### Provided material
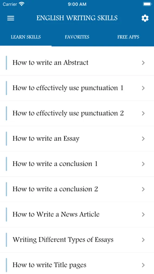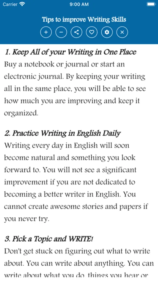 This app helps you to improve your writing skills.This app will explain how you can can be effective and perfect in writing the following
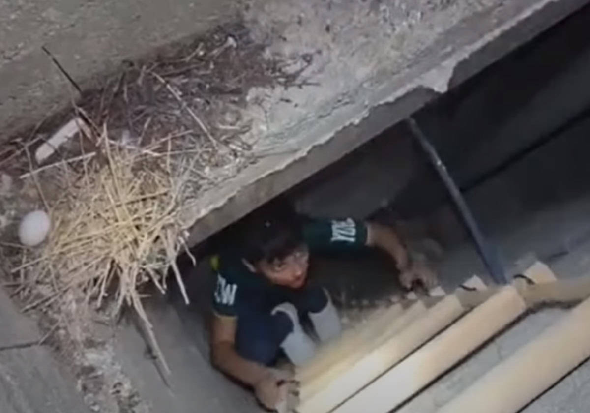 وأظهر مقطع الفيديو المتداول، أن الطفل أراد إنقاذ عش عصفور عالق في منور البناء.
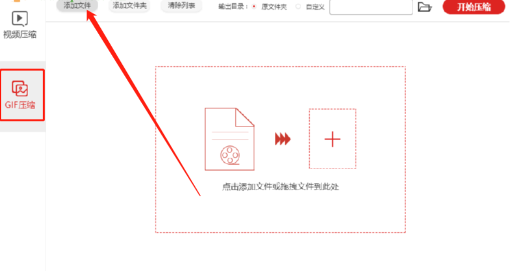 1.首先第一步我们打开软件之后在界面左边点击切换到GIF压缩这个功能界面,然后点击界面中的添加文件按钮。

### Instructions for the task
The material above is to be set down exactly, with pictures removed.

### The answer
 This app helps you to improve your writing skills.This app will explain how you can can be effective and perfect in writing the following
 وأظهر مقطع الفيديو المتداول، أن الطفل أراد إنقاذ عش عصفور عالق في منور البناء.
 1.首先第一步我们打开软件之后在界面左边点击切换到GIF压缩这个功能界面,然后点击界面中的添加文件按钮。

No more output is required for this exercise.